Edwin Markham liked Our Benny, saying: “It is fluent and simple and full of a homely pathos and humor, and it takes a place next below Snowbound and Myles Standish.” Caution! Our Benny is a narrative poem; there are those who can’t endure verse. They may pass on to Flamsted Quarries. This opens in New York City. A fatherly priest sees a child on the vaudeville stage and takes her to an asylum for homeless children. Later we find them in a small Maine village, a quarry town. There is an embezzler in the story and the theme is the power of a simple environment, good, hard work and honest love to make men and women whole.

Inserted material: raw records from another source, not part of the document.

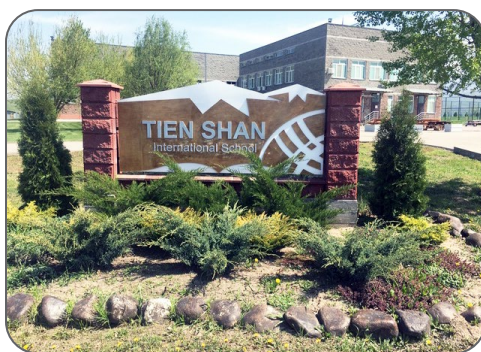
Tien Shan International School, Central Asia

I had the privilege of establishing partnerships with different organizations to use transformational education services to bring the next generation of students and the current generation of teachers to Christ. What a joy and privilege to be part of this amazing journey with so many colleagues and like-minded educators to reach the world for Christ.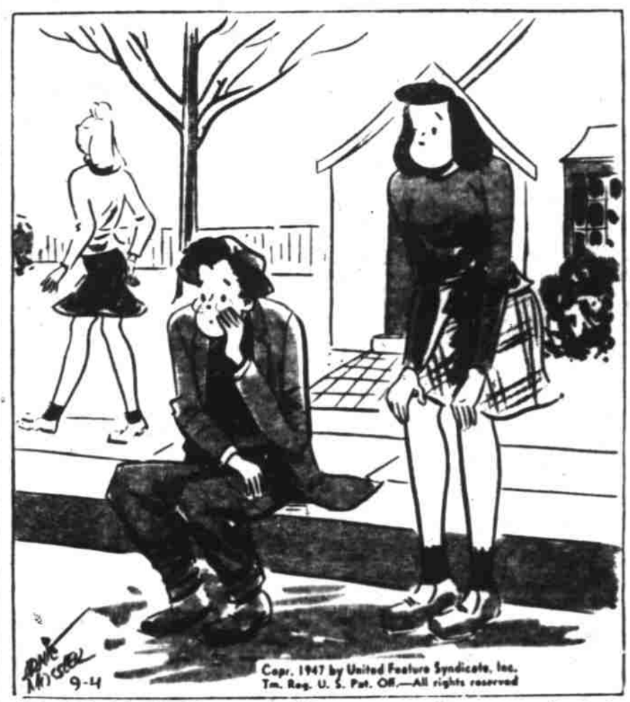
Don't feel badly, Harvey... I'd marry you, if you were the last man on earth!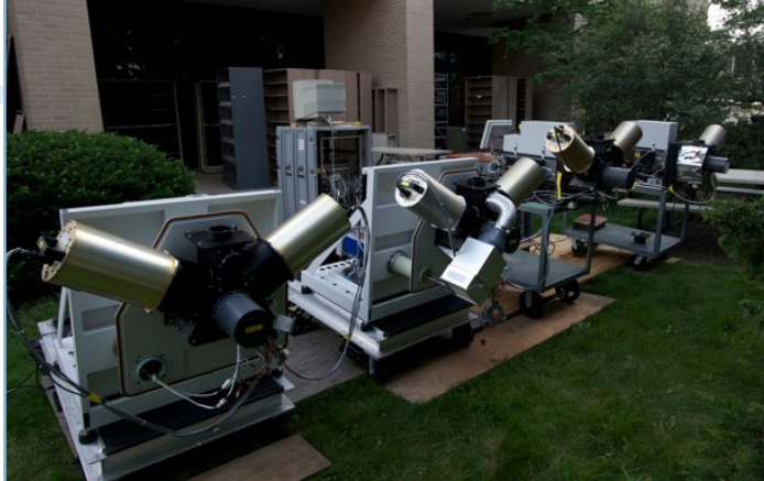
The Atmospheric Emitted Radiance Interferometer, developed specifically for ARM, is a sensitive infrared spectrometer covering the wavelength range from 3.3 to 18 microns to measure downwelling radiance at high spectral resolution. High temporal resolution profile of temperature and humidity are retrieved from these infrared spectra.

The PECAN experiment is a collaboration between the National Science Foundation (NSF), National Oceanic and Atmospheric Administration (NOAA), National Aeronautics and Space Administration (NASA), and the U.S. Department of Energy's Office of Science. Through its support of ARM and other national user facilities, DOE's Office of Science is the single largest supporter of basic research in the physical sciences in the United States and is working to address some of the most pressing challenges of our time.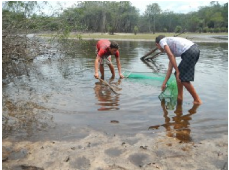
Collecting Tetras in Daracua.

HAFSG website: http://www.iucnffsg.org/about-ffsg-2/home-aquarium-fish-sub-group/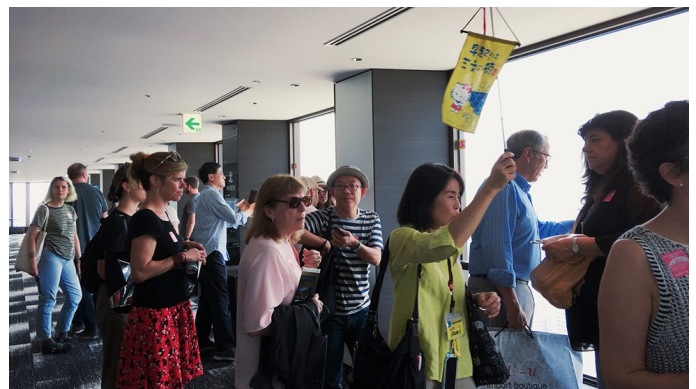
Fordham participants enjoy a boat ride on the Sumida River, Tokyo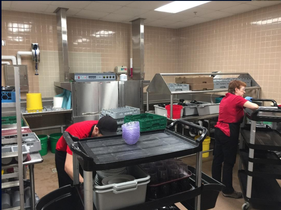
Dish & Pot wash now in same Room....was 50 ft apart!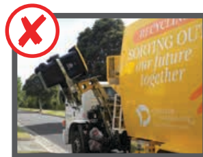
Too heavy (80+kg)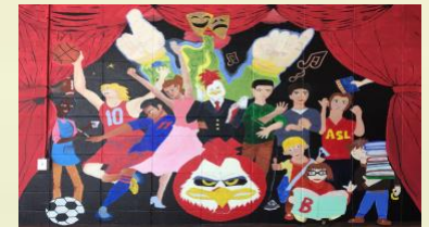
Mural painted by RISD Students

100% of the Proceeds benefit RISDeaf Athletics Fund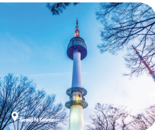
Seoul N Tower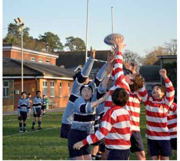
Papplewick needs to win this lineout

counted. That said, the 50% win rate, reaching the finals of the Wellington Prep Schools' Rugby Tournament and an enjoyable rugby tour, made for a rewarding season overall.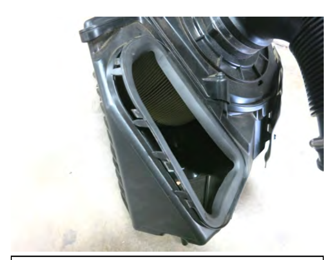
g. Carefully pull the inlet scoop gasket from the air box. You will reuse this later in step 3f.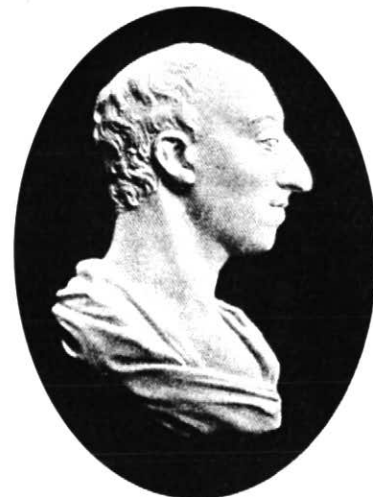
Figure 1 James Hutton, 1726-1797.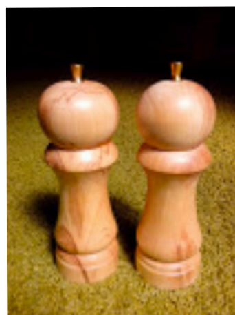
Rees Bunker Salt and Pepper grinders, Oak?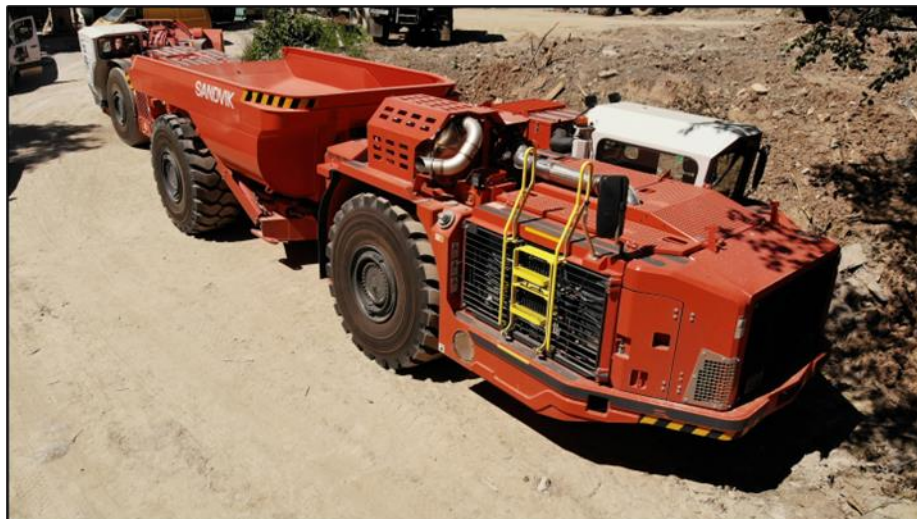
Figure 3: Sandvik Haul Truck TH545i

The temporary surface explosives magazine, which is required to support operations ahead of the permanent underground magazine incorporated into the main design, has been commissioned. Further, the Company is discussing with the Federal Mining Ministry for their approval to use non-gasified emulsion explosives. Non-gasified emulsion does not require storage in a dedicated magazine and therefore removes the requirement to develop a costly underground facility. The existing surface, temporary, magazine in this cost saving scenario can be utilised to store detonators. Non-gasified emulsion also provides better blasting efficiency and reduces blasting gases with the potential to proportionally decrease blasting cycle times.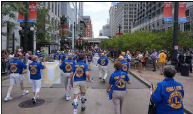
Iowa Lions marching down State Street in Chicago.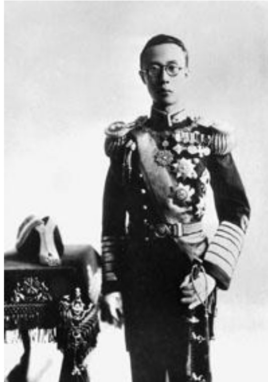
Pu Yi as emperor of Manchukuo

Brotherhood or, more broadly, the family relationship among East Asian peoples implied sharing a mission regardless of one's preferences. It was the obligation of the patriarch or the older, dominant brother to create the ethos of the family, its enterprise, and deliver the goods it promised. Japanese rhetoric did not fully develop this metaphor to embrace the relationship between Japan and Manchukuo, and the rhetoric always appeared somewhat contradictory, perhaps because of the continued lip service to the independence of Manchukuo. Nonetheless, by 1940 the "family state" model was utilized to characterize the relationship of citizen to state within Manchukuo: "National citizenship is the expanded version of family membership. Just as the family member has an obligation to obey the family unconditionally, so does the citizen have to obey the state." (26) Manchukuo was developed as an East Asian brother or son who set up a house modeled closely upon, and subordinate to, that of the Japanese patriarch. Practically, this structure meant using Chinese officials at all levels, including in the top administrative and political positions, but having their activities supervised by Japanese officials responsible ultimately to the Kwantung Army.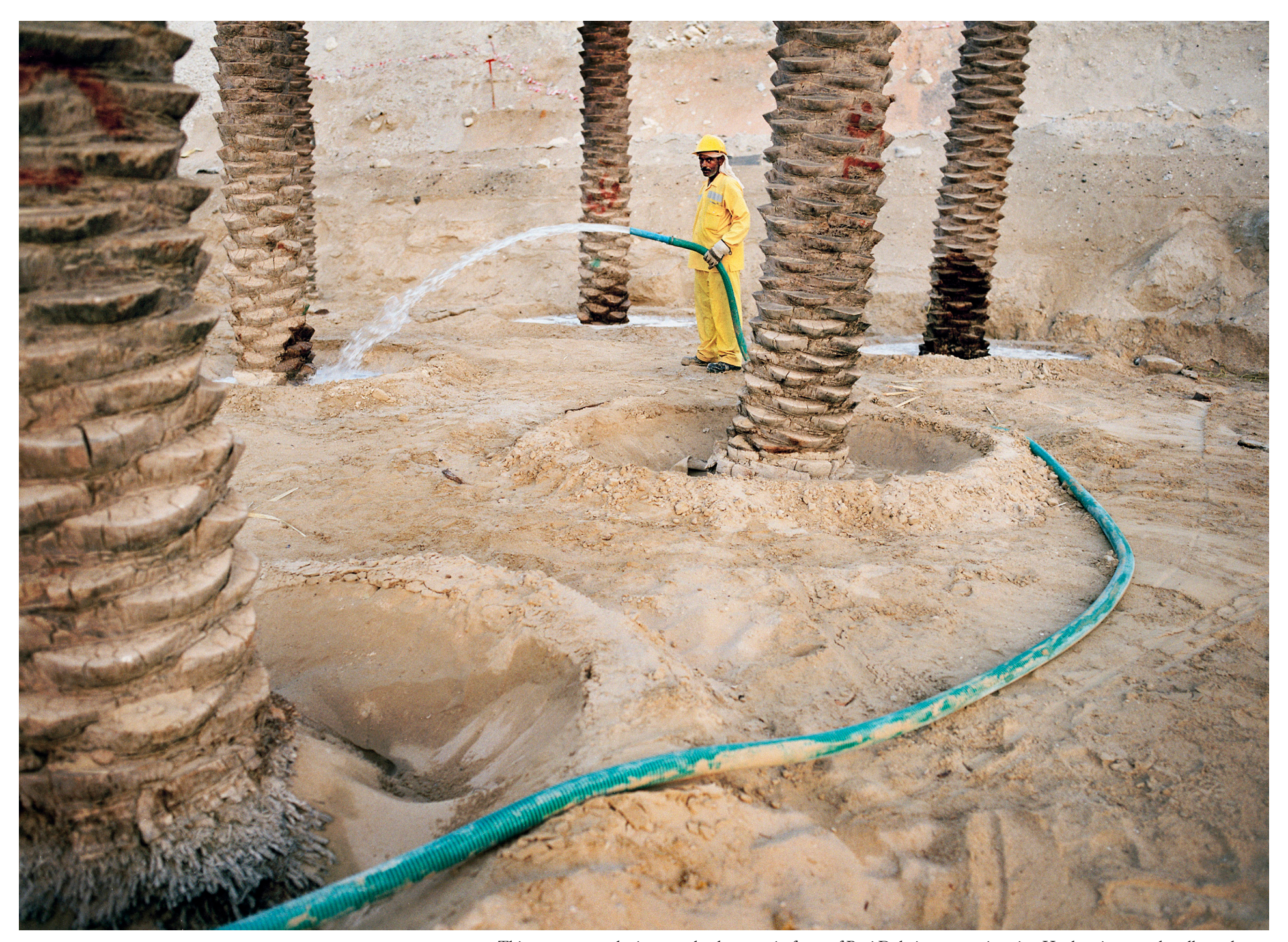
This man waters the imported palm trees in front of Burj Dubai construction site. He does it every day all year long.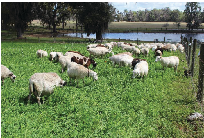
Figure 5. Berseem clover pasture strip-grazed by sheep in central Florida.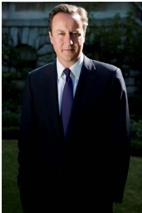
Prime Minister David Cameron

“The Internet Watch Foundation has again done an outstanding job in tackling images of child sexual abuse online.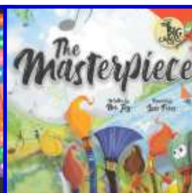
The Masterpiece (One Big Canvas)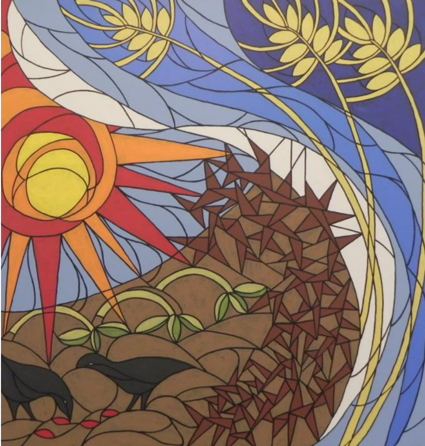
The Parable of the Sower ... art by Adina Henderson

Email westminsterp@wpcportage.org website www.wpcportage.org facebook @westminsterpresbyterianportage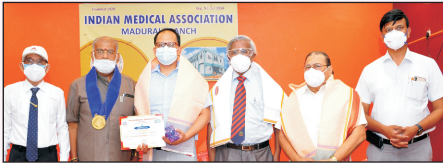
CME - Common Psychiatric Problems - During Covid & Post Covid - 13.8.2021

7th Sep to 14th Sep - National Heart Week | 8th Sep - World Literacy Day 10th Sep - World Suicide Prevention Day & World First Aid Day (Second Saturday of September) 12th Sep - National Leprosy Day | 21st Sep - World Alzheimer's Day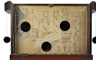
Rothbury Recreation Ground 2022 wood, card, printed paper, perspex, soil, plastic figure, metal fixings, wool, cotton, ink, oil & acrylic paint 28.3 x 46.7 x 8.4cm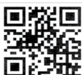
Delta Kappa Gamma Educational Foundation Resources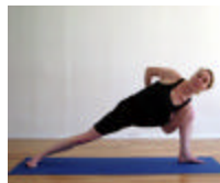
Parsvakonasana Side Angle Stretch (variation)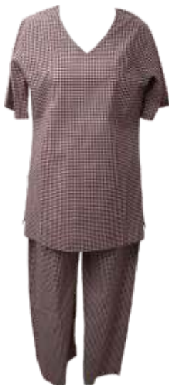
Unisex Patient Dress (for both male and female)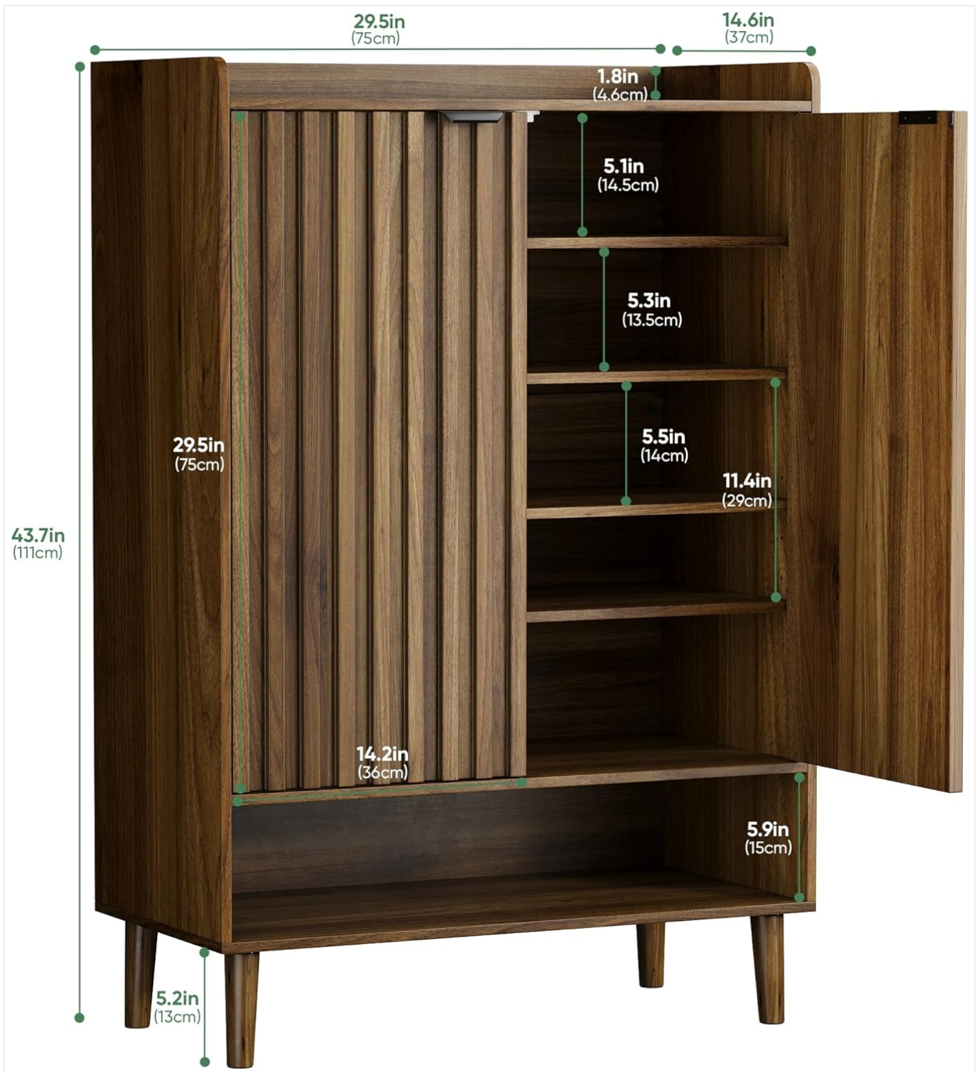
Figure 9.1: Detailed product dimensions.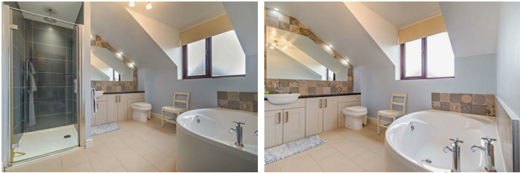
Having a shower cubicle, oval bath, low flush w.c, hand wash basin, heated towel rail, tiled floor and a window.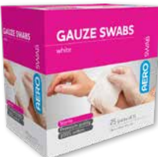
Sterile Gauze Swab 3pk | 25bx AGS103S 10cm x 10cm | RRP $1.49ea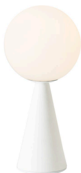
Table lamp with diffused light not dimmable. Painted metal frame. Diffuser made of white blown glass with satin-finish. Transparent power cable, plug and switch. European two-pole plug. Bulb not included.

Nothing more than a sphere, set in an apparently impossible feat of balance, upon a cone that serves as the base. One of Gio Ponti's many compositional magic tricks, designed in 1932. The counterbalancing of two elementary geometric forms results in an original, perfectly proportioned object. An unpretentious composition, enriched by the extraordinary balance of its proportions and the stylish discretion of non-reflective materials. The light is diffused and valorized by the geometrical simplicity of the design. In designing Bilia, Gio Ponti imagined a smaller version in a range of "spray colours". From those handwritten notes of the original project, FontanaArte presents Bilia Mini in new breathtaking chromatic variations.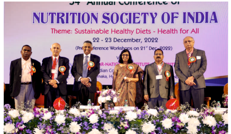
Dignitaries on the Dias

My Ragpicker is about Nanette, an appealing little child of poverty in Paris. A Cry in the Wilderness has American and Canadian characters and its scenes are laid mainly in New York and in a seigneury on the St. Lawrence—Miss Waller’s first invasion of Canada. Aunt Dorcas’s Change of Heart was published by Miss Waller herself, in 1913; doubtless it was an enterprise in behalf of that hospital which she thrust between herself and her visitor. From an Island Outpost is a meditative book—thoughts that came to Miss Waller as she wrote from her own island outpost on Nantucket. Out of the Silences is a return to Canada and a novel of the Great War. The setting is just over the border from Dakota. The central character, Bob Collamore, an American boy, is left as a youngster of nine in charge of William Plunket, a saddle-maker, quaintly philosophical, broad-minded, sympathetic, with a considerable knowledge of the human heart. The boy Bob grows up with Plunket’s stepson, McGillie, and the children of the Cree Indian tribe. He gets a good deal of the red man’s knowledge. As he matures the white man’s ambition to get out in the world and match his wits against his fellows seizes him. He goes forth confidently, to find that his youthful years have fixed indelibly his ideals, his philosophy and his outlook on life. Love, romance and success come to him—and death. For the war calls to his manhood and takes him to France.
An intermediate book may be briefly mentioned. A Year Out of Life is only partly a work of fiction; in part it records Miss Waller’s impressions of German life—long before the war, of course, for it was published in 1909.